• INSTRUCTIONS TO FOLLOW: Reproduce the entries verbatim; no pictures.

= Beginning of Section =

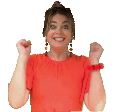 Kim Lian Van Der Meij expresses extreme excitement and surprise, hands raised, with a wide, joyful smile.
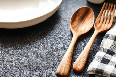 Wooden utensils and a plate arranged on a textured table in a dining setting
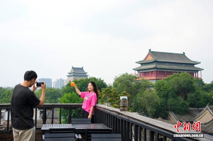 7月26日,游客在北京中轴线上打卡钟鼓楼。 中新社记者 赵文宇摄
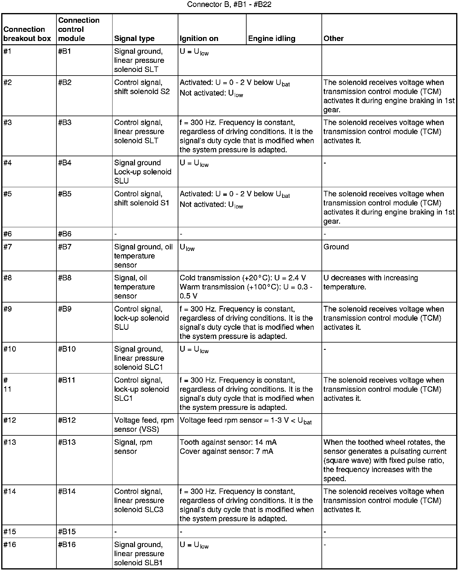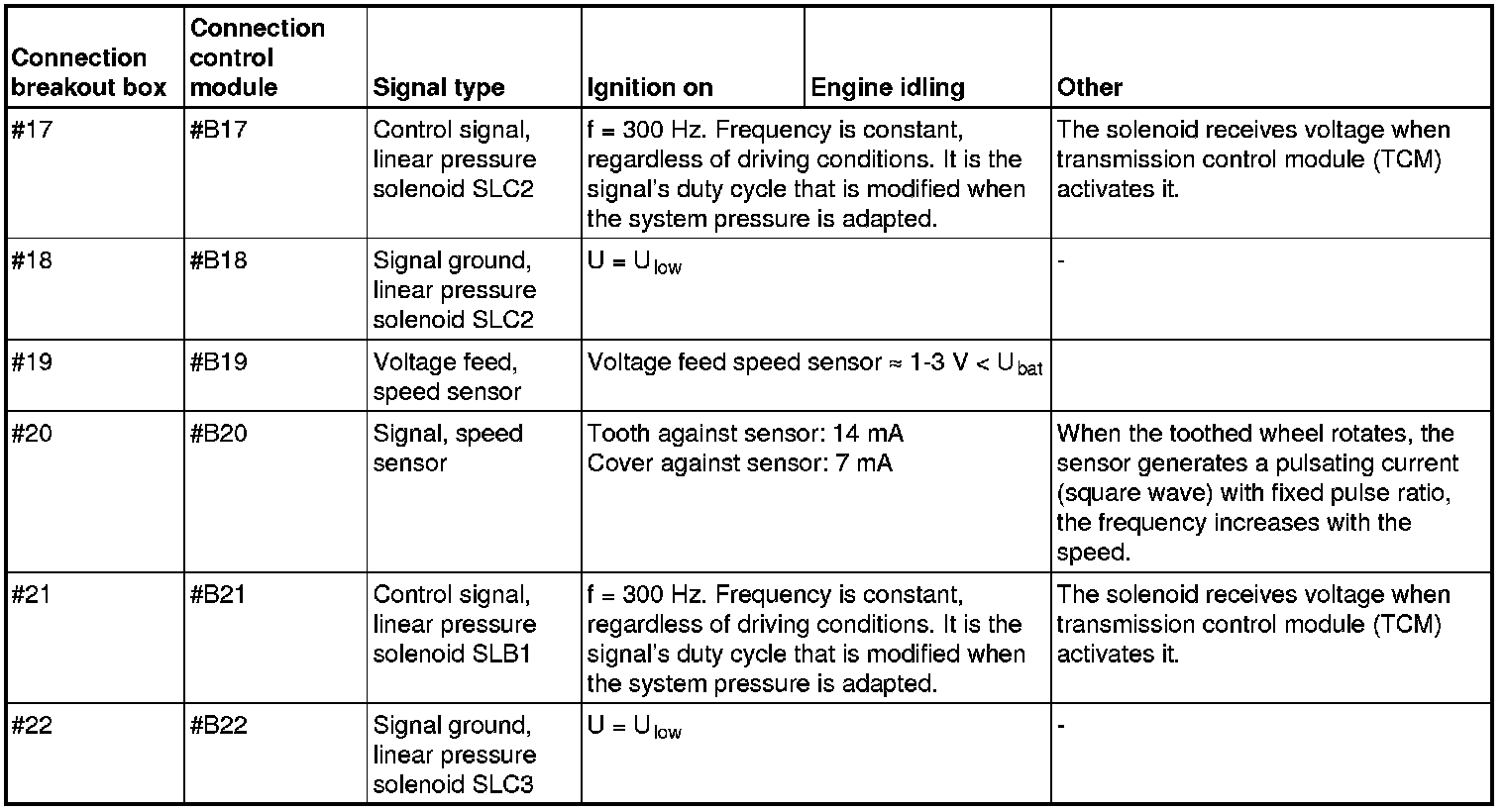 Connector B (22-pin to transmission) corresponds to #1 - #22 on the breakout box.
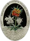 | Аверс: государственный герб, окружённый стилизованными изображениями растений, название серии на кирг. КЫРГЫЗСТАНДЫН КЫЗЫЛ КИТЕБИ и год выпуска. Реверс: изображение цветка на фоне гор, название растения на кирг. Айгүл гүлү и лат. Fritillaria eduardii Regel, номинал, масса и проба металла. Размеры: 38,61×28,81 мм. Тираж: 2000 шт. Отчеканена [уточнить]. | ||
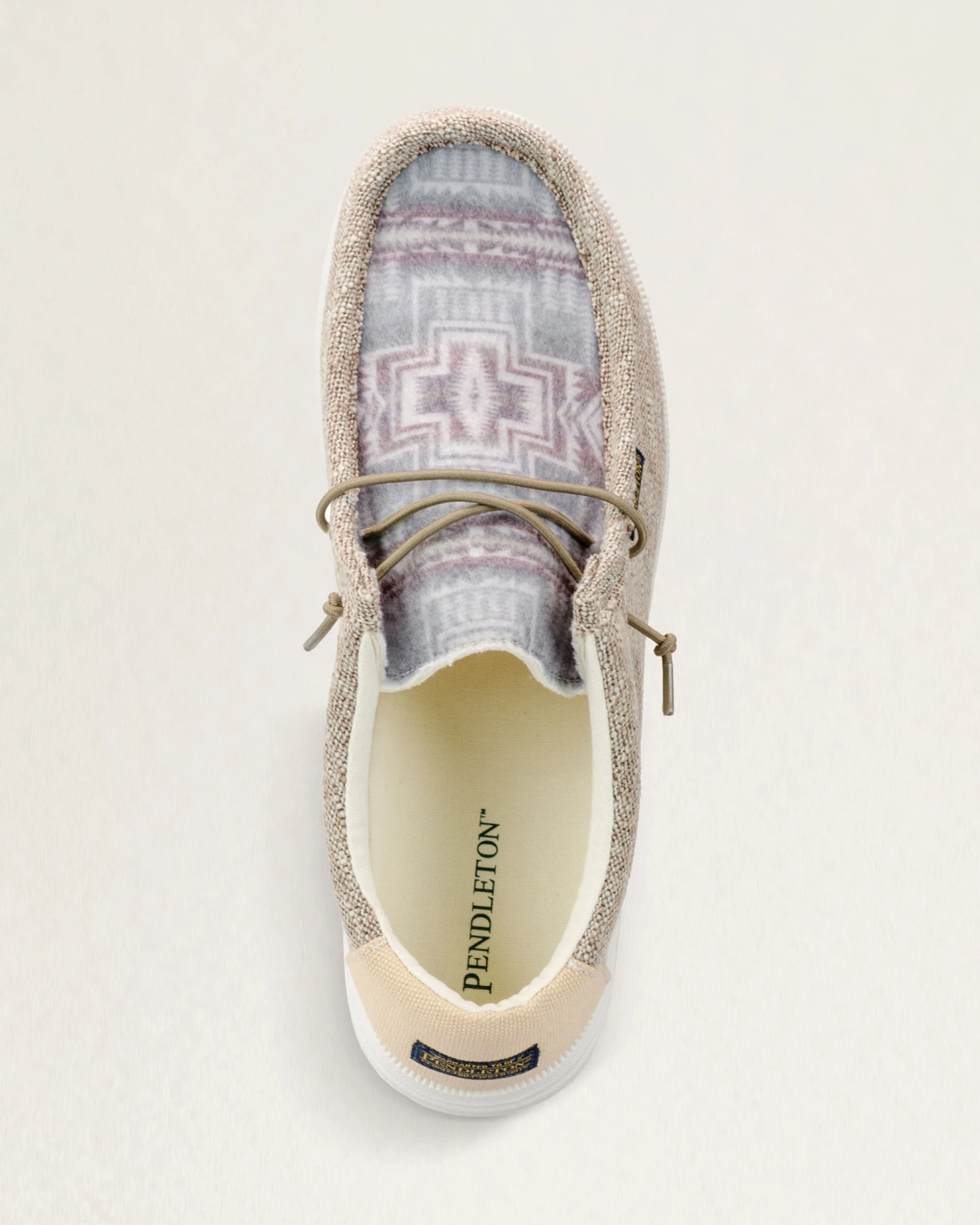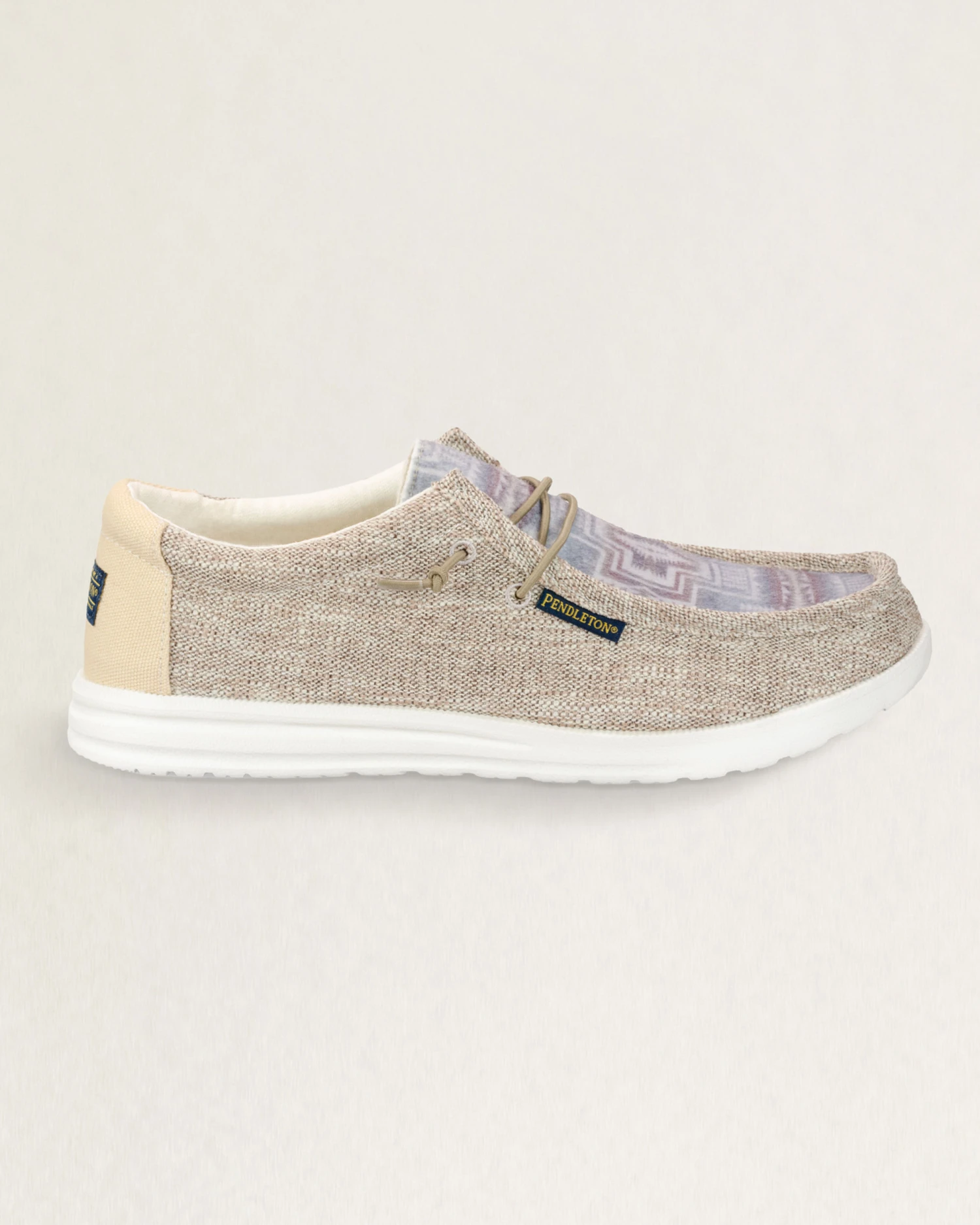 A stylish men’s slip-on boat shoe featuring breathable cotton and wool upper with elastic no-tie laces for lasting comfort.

= End of Section =

• SOLUTION FOR THIS TASK:
 Kim Lian Van Der Meij expresses extreme excitement and surprise, hands raised, with a wide, joyful smile.
 Wooden utensils and a plate arranged on a textured table in a dining setting
 7月26日,游客在北京中轴线上打卡钟鼓楼。 中新社记者 赵文宇摄
 Connector B (22-pin to transmission) corresponds to #1 - #22 on the breakout box.
 | Аверс: государственный герб, окружённый стилизованными изображениями растений, название серии на кирг. КЫРГЫЗСТАНДЫН КЫЗЫЛ КИТЕБИ и год выпуска. Реверс: изображение цветка на фоне гор, название растения на кирг. Айгүл гүлү и лат. Fritillaria eduardii Regel, номинал, масса и проба металла. Размеры: 38,61×28,81 мм. Тираж: 2000 шт. Отчеканена [уточнить]. | ||
 A stylish men’s slip-on boat shoe featuring breathable cotton and wool upper with elastic no-tie laces for lasting comfort.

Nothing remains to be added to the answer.